Vluchtelingenorganisaties
Half juni publiceerden twaalf internationale mensenrechtenorganisaties een alarmerende verklaring. Een van hun grootste zorgpunten is de serie politie-invallen bij lokale en internationale vluchtelingenorganisaties in de maand mei. Er werden zes mensen gevangen genomen, onder wie medewerkers van twee internationale vluchtelingenorganisaties, Terre d’Asile en het CTR (het Tunesische kantoor van de VN-Mensenrechtenraad UNHCR), wegens het „witwassen en criminele samenzweringen om mensen toegang te geven tot het Tunesische grondgebied”.
„Migratie is taboe”, zegt een directeur van een vluchtelingenorganisatie in het zuiden van Tunesië door de telefoon. Zijn organisatie figureert op een lijstje doelwitten dat via de sociale media rondzingt. Hij heeft, zegt hij, „hints van de autoriteiten” ontvangen en zette daarom vrijwel al zijn activiteiten stop.
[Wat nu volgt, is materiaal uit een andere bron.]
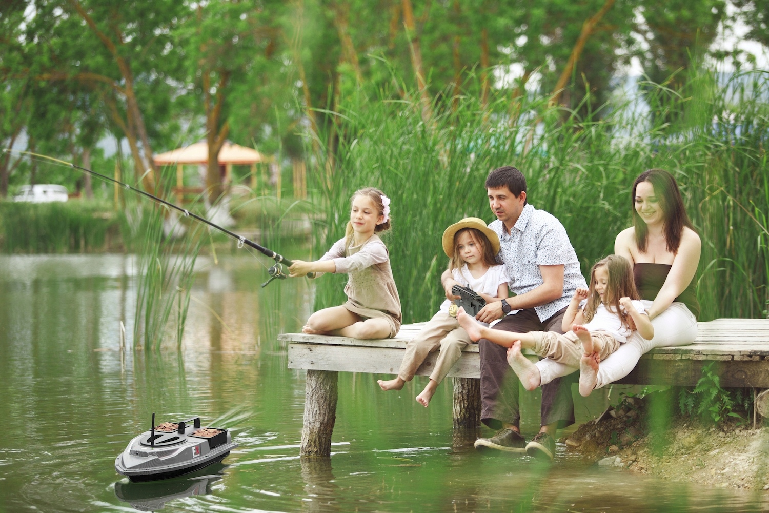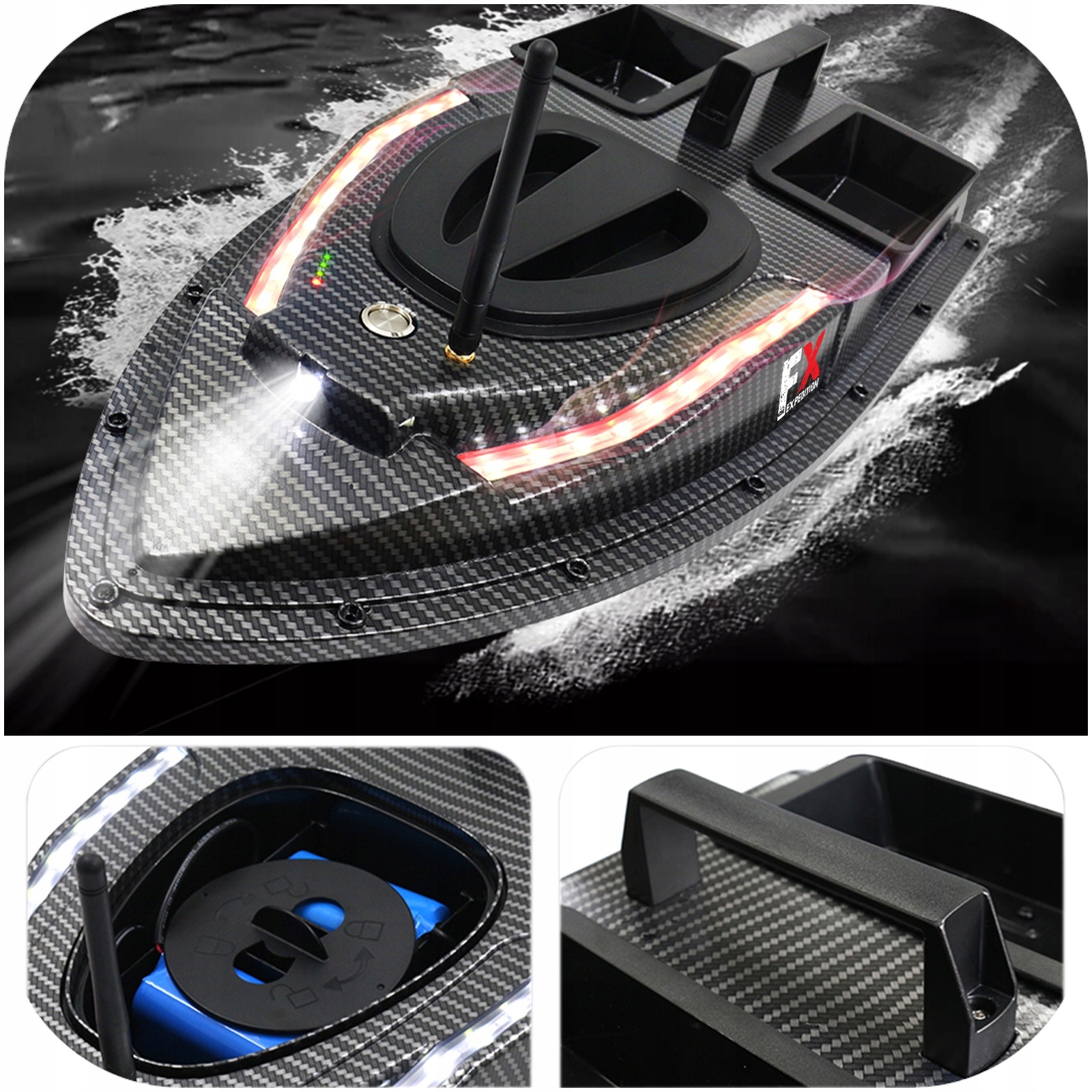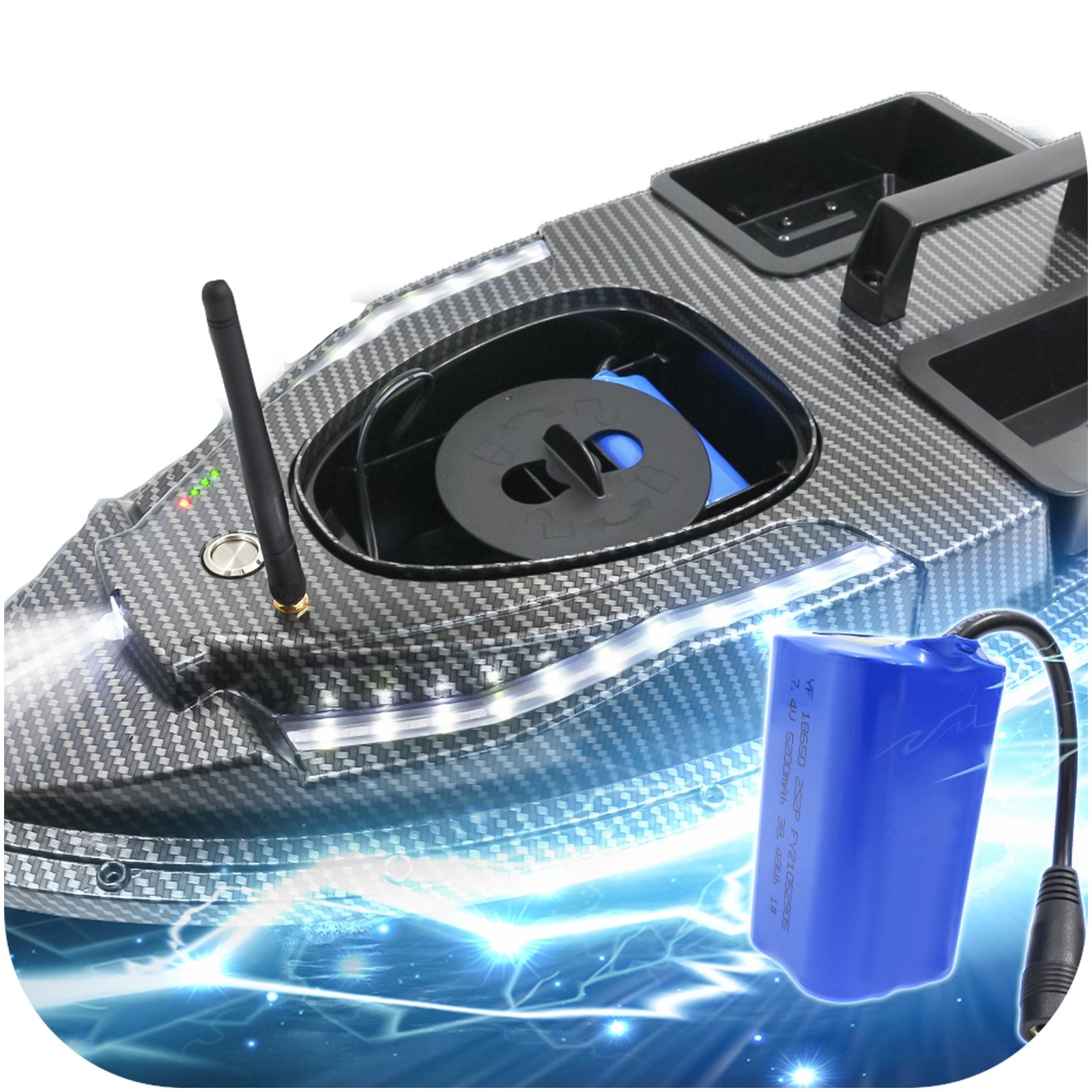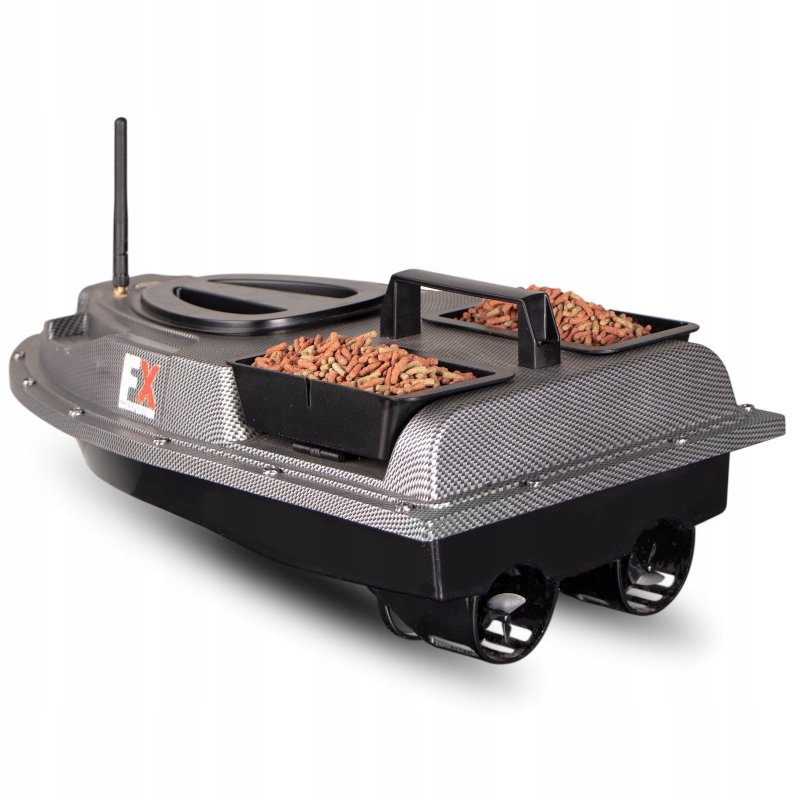 Лодка имеет два резервуара, которые вмещают в общей сложности до 1,5 кг прикормки и привлекают косяк рыбы. Вы можете управлять танками по отдельности. Дополнительно в кормовой части лодки имеется специальное место для крепления крючка с наживкой. Имея хорошее оснащение, вы легко сможете убедить рыбу, что ваш крючок — лучшая еда.
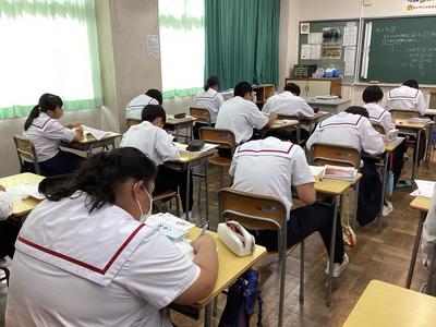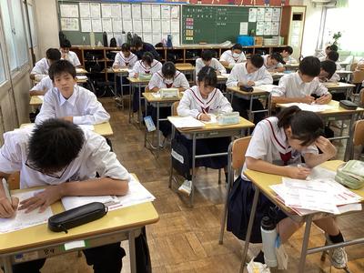 1年4組の数字の様子です。文字式の加減乗除に関する問題演習をしました。しっかりと復習をして、できなかったところを解決しましょう。
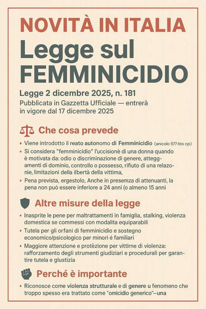 NOVITÀ IN ITALIA — Legge sul FEMMINICIDIO
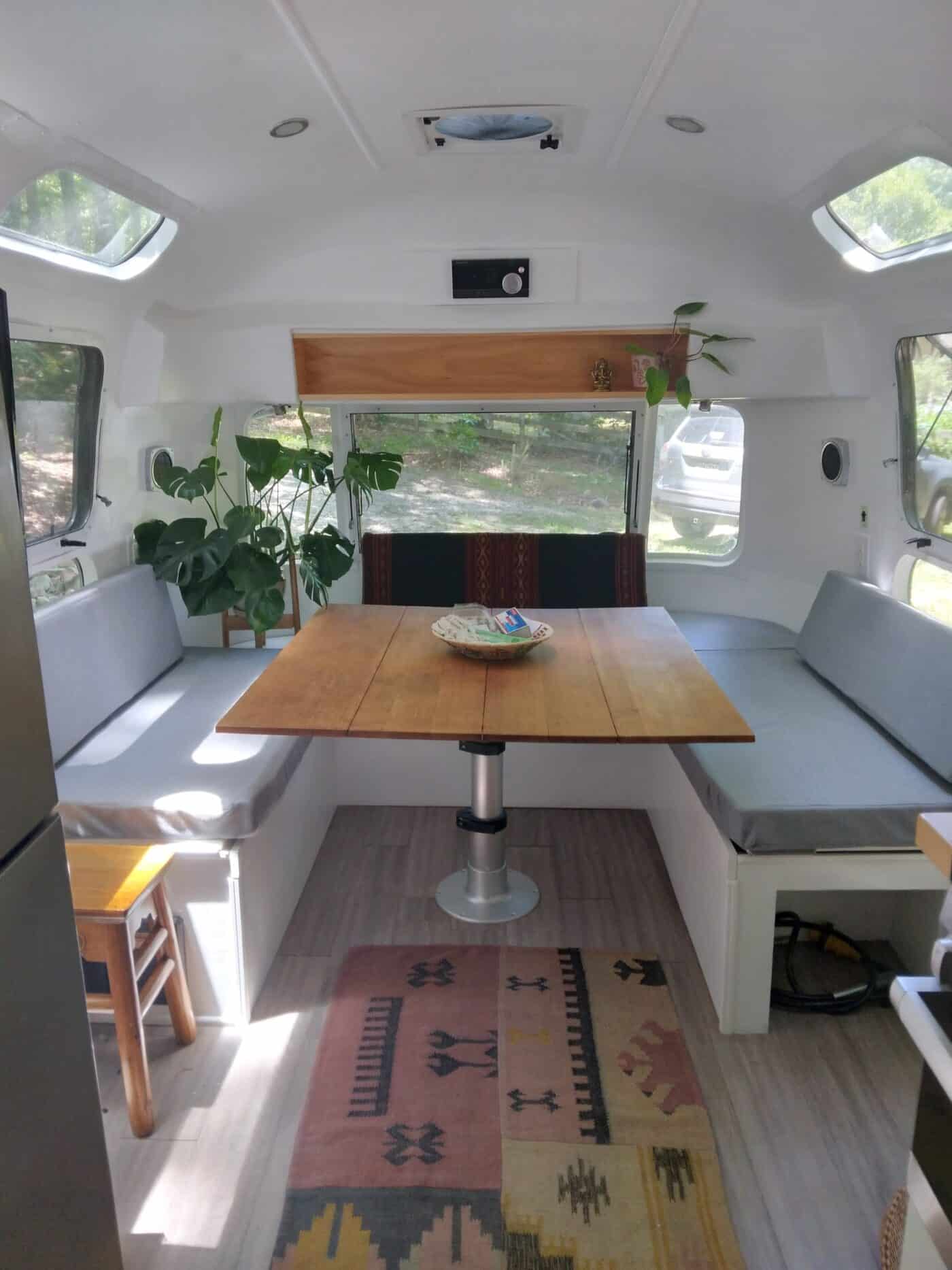 Large front dinette with quarter sawn oak table that lowers to create large sleeping platform.

Op 10 oktober moet Chaïma Issa (43), boegbeeld van het Front du Salut National en een van de twee verdachten in de complotzaak die vorig jaar juli werden vrijgelaten, opnieuw voor de militaire rechtbank verschijnen. Haar hangt een jaar gevangenisstraf boven het hoofd, waartoe de militaire rechter haar in juni bij verstek veroordeelde wegens onder meer „belediging van het staatshoofd”.
„Mijn zoon en ik leven continu in angst voor arrestatie”, zegt Chaïma Issa. „Telkens als iets of iemand op de deur klopt, staat ons hart stil. Toespraken van de president maken me zo nerveus dat ik soms dagenlang het contact met de buitenwereld vermijd.” Arrestaties vindt Issa als politiek activist een soort beroepsrisico. „Conflicten met autoriteiten zijn soms onvermijdelijk, bijvoorbeeld tijdens demonstraties. Maar niet zo. Ik ben geen terrorist.”